> **Aim of the task**
Within the entries below, please return exactly the lines from the one with "AK Neujahrsgruss, Zwerge" through the one with "[2008_04_01_02]東電寄付金 観光・農水団体交付へ 30億円の一部3億5000万円", leaving out any pictures.

> **Given records**
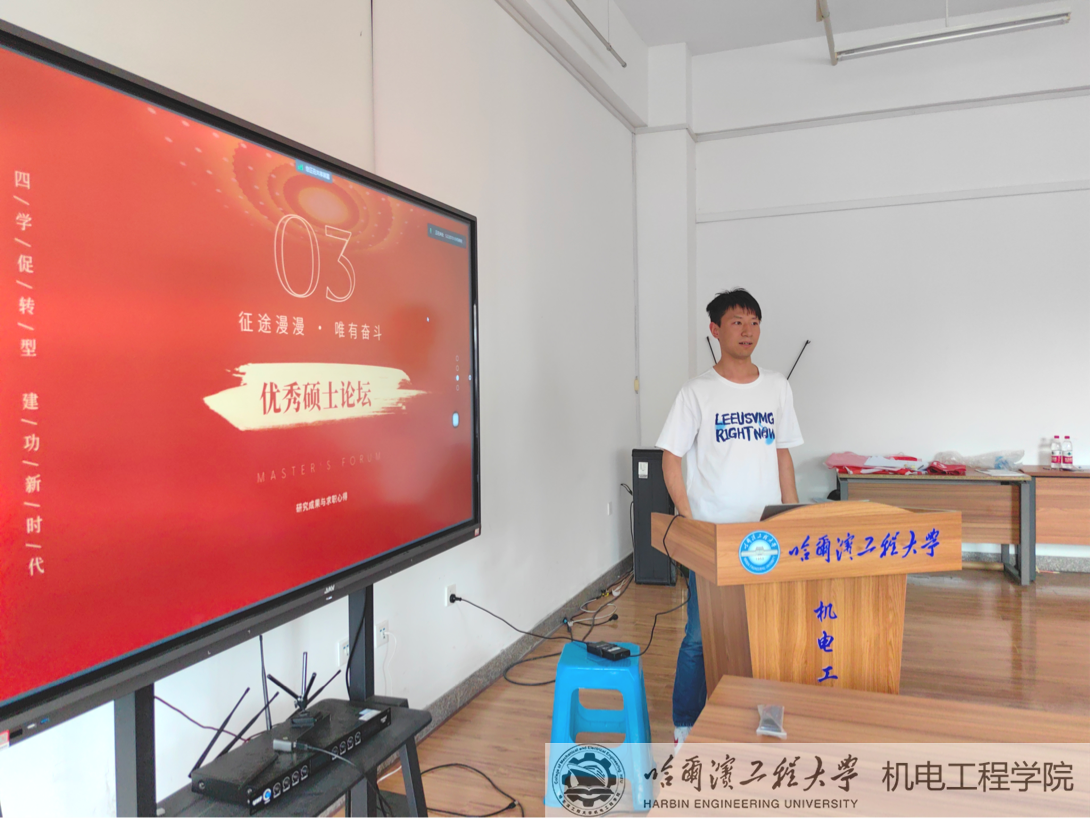 最后,工业设计系主任商振同志做总结发言。商振同志对毕业生寄予厚望,希望哈工程研究生在未来的工作生活中努力奋斗,取得好的成绩,回馈母校与社会。商振同志指出,哈工程人有着纯净的红色军工血液,要积极响应党和国家的号召,深入学习习近平新时代中国特色社会主义思想和党的二十大精神,将党的先进理论结合到日常的科研和工作之中,坚持学思用贯通,知信行统一,为军工事业发展与国家繁荣富强做出自己的贡献。
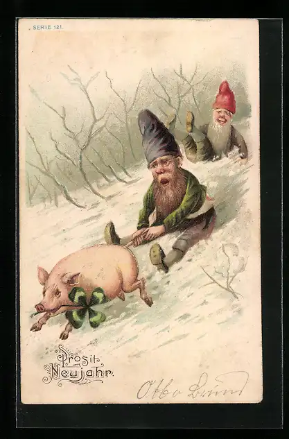 AK Neujahrsgruss, Zwerge versuchen ein Schwein zu bändigen
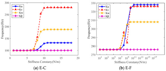 - The calculation method proposed in this article is applicable to any boundary condition and is not limited to the classical boundaries in the traditional literature. Through parametric analysis, we found that the arbitrary boundary stiffness of the combined shell is related to its own origin dynamic stiffness value. When the elastic stiffness in any direction at both ends of the combined shell is of the same magnitude as the dynamic stiffness in that direction, the influence of elastic boundary stiffness on the natural frequency of the double-layered cylindrical shell becomes more significant;
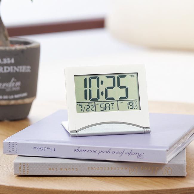 アルミ質感がクールな多機能卓上クロック。アラームやカレンダー、温度計等5つの機能付きでギフトプレゼントにも最適な販促グッズ。折りたたみ収納で出張カバンに入れたいデジタル時計です。
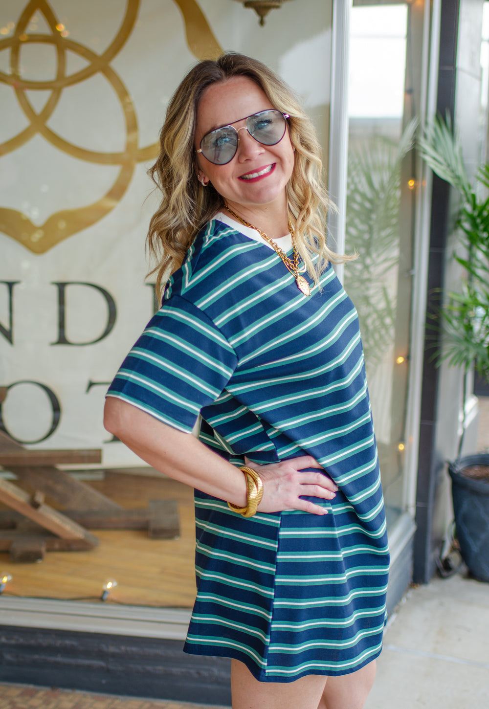 Casual Chic Navy Stripe Skirt Dress in Navy
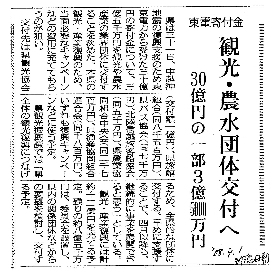 [2008_04_01_02]東電寄付金 観光・農水団体交付へ 30億円の一部3億5000万円 (新潟日報2008年4月1日)
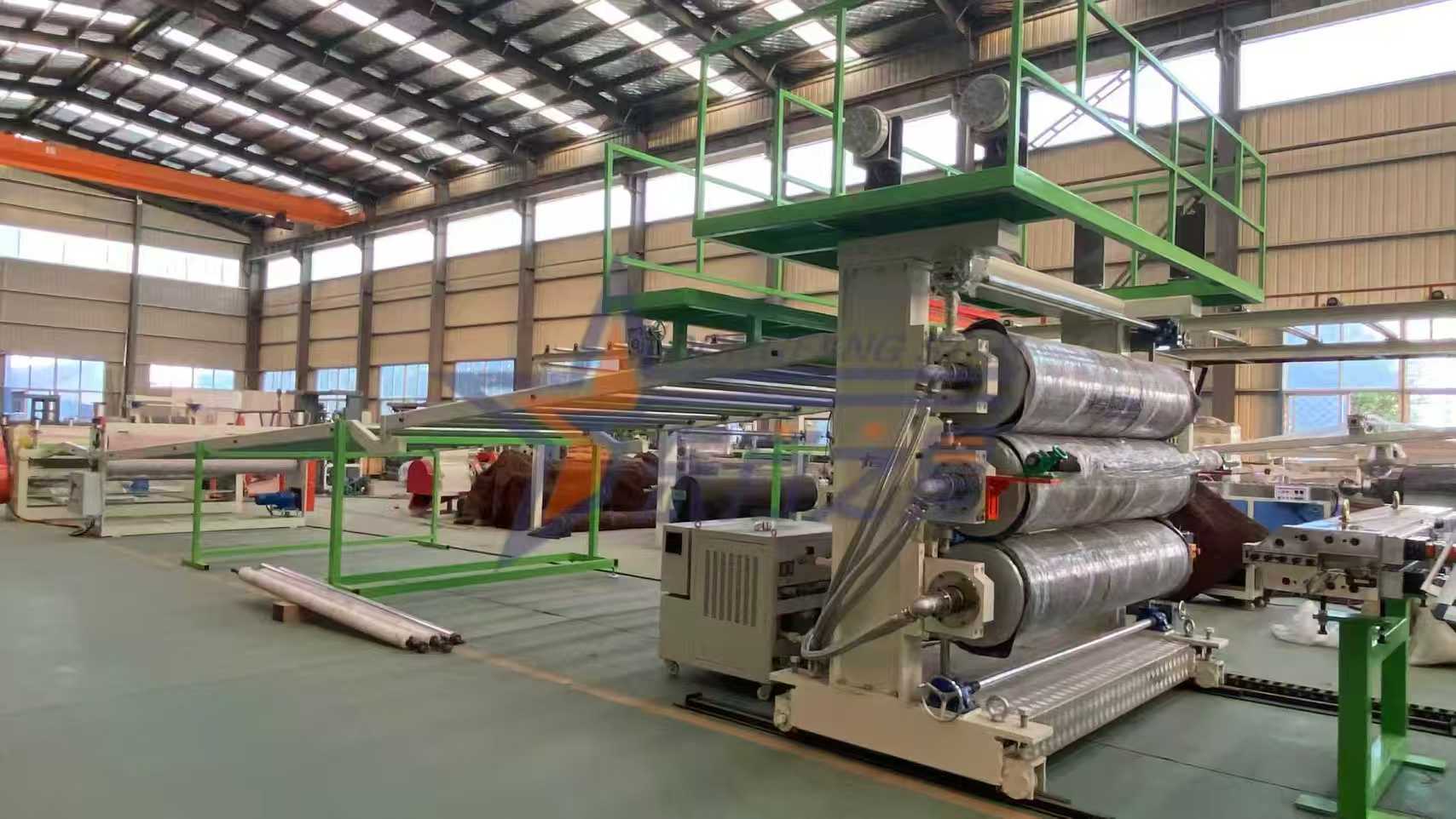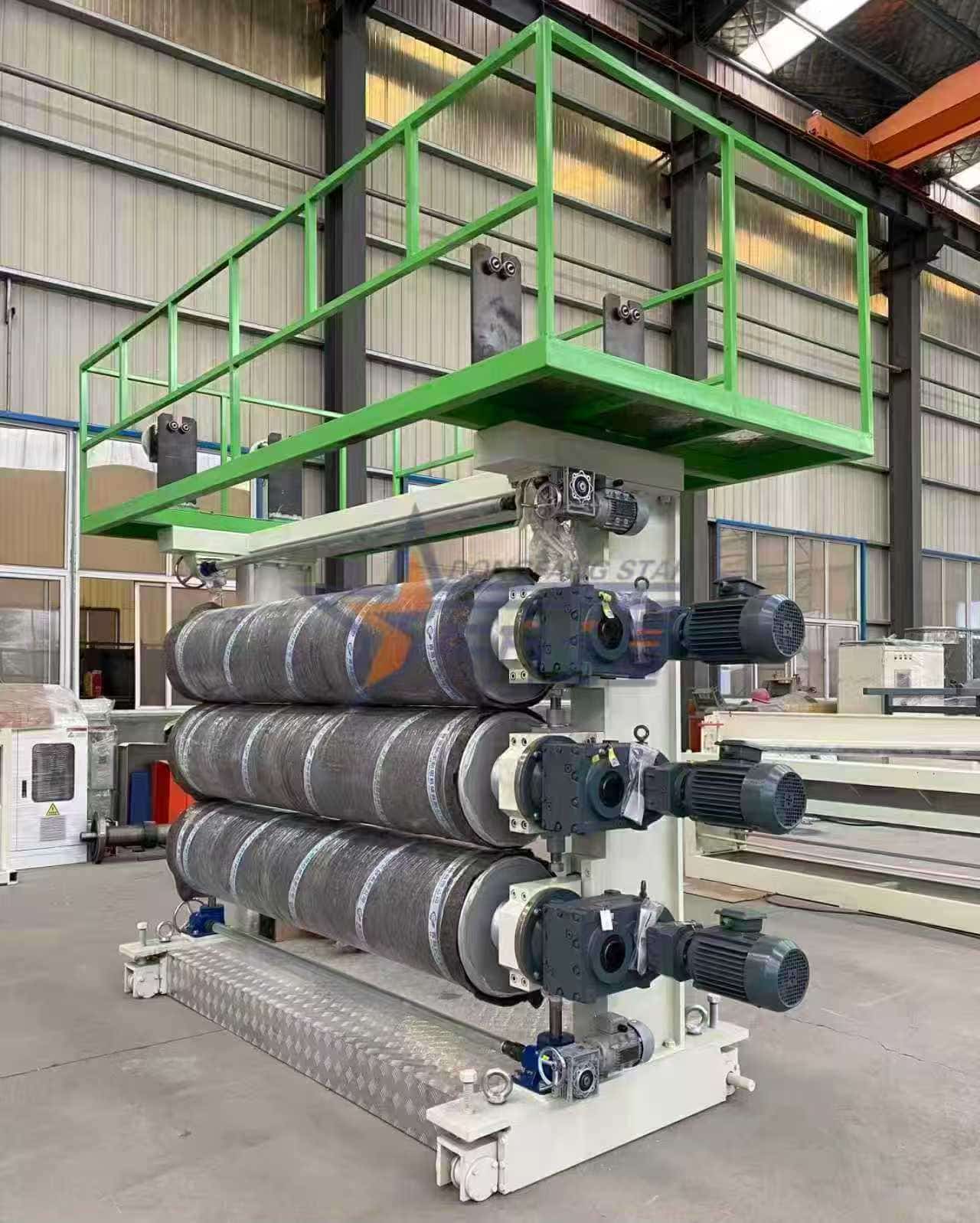 Kirjeldus: ∮450mm×2200mm suure läbimõõduga peegelviimistlusega rullid (kõvadus RC60-65) sõltumatu temperatuuri reguleerimise ja ajamiga. Rulli pinna ühtlane ja konstantne temperatuur võimaldab kiiresti vormida ja kõrvaldada voolujälgi, mis on kvaliteetsete seadmekorpuste ja reklaamtahvlite valmistamise võtmeks.
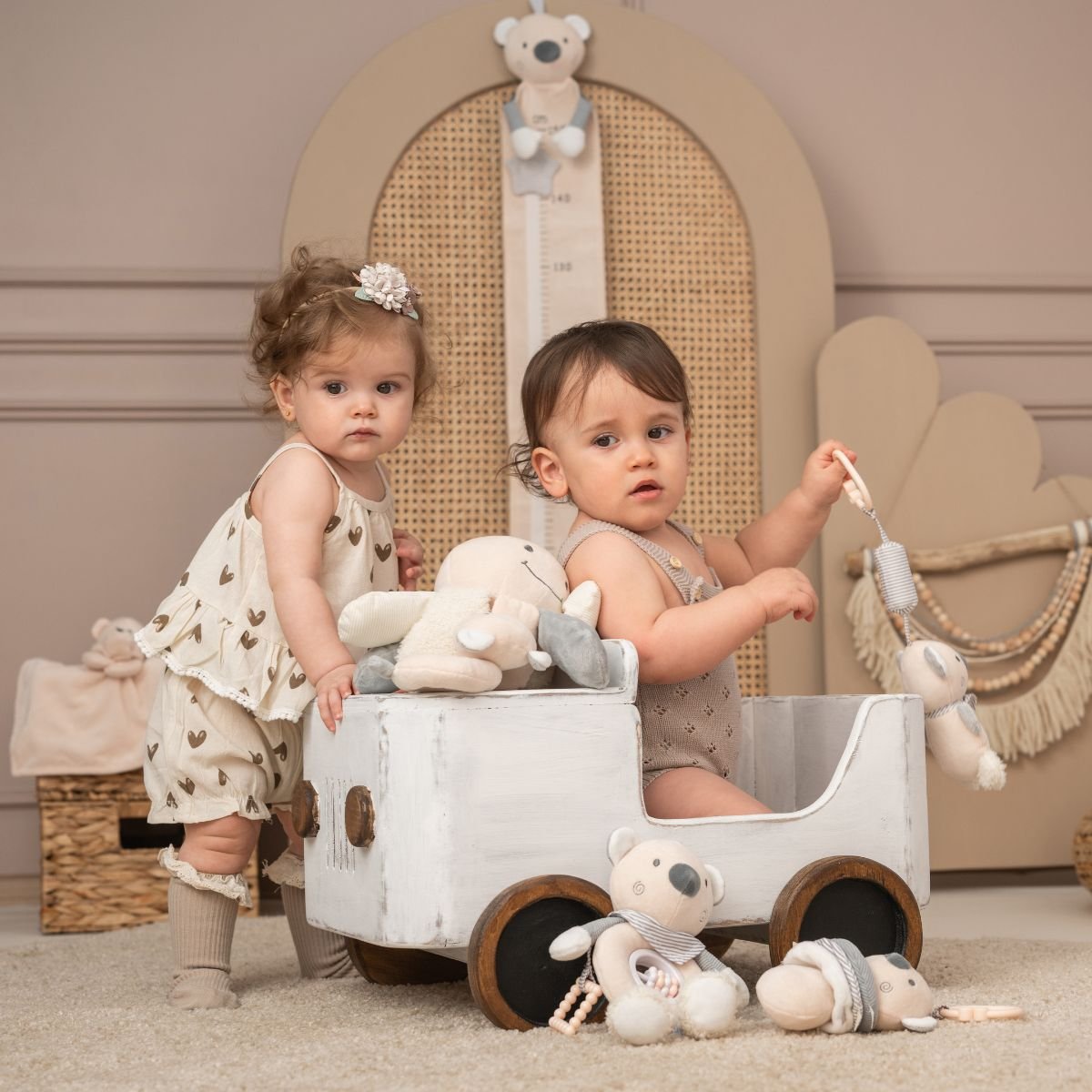 Comforter Bear to subtelny kompan do drzemek i codziennego tulenia. Wykonana z bardzo miękkiego materiału, idealnie sprawdza się jako maskotka uspokajająca — zarówno w domu, jak i poza nim. Bezpieczna dla noworodków i łatwa do utrzymania w czystości — to również świetny prezent.

> **Answer to the exercise**
 AK Neujahrsgruss, Zwerge versuchen ein Schwein zu bändigen
 - The calculation method proposed in this article is applicable to any boundary condition and is not limited to the classical boundaries in the traditional literature. Through parametric analysis, we found that the arbitrary boundary stiffness of the combined shell is related to its own origin dynamic stiffness value. When the elastic stiffness in any direction at both ends of the combined shell is of the same magnitude as the dynamic stiffness in that direction, the influence of elastic boundary stiffness on the natural frequency of the double-layered cylindrical shell becomes more significant;
 アルミ質感がクールな多機能卓上クロック。アラームやカレンダー、温度計等5つの機能付きでギフトプレゼントにも最適な販促グッズ。折りたたみ収納で出張カバンに入れたいデジタル時計です。
 Casual Chic Navy Stripe Skirt Dress in Navy
 [2008_04_01_02]東電寄付金 観光・農水団体交付へ 30億円の一部3億5000万円 (新潟日報2008年4月1日)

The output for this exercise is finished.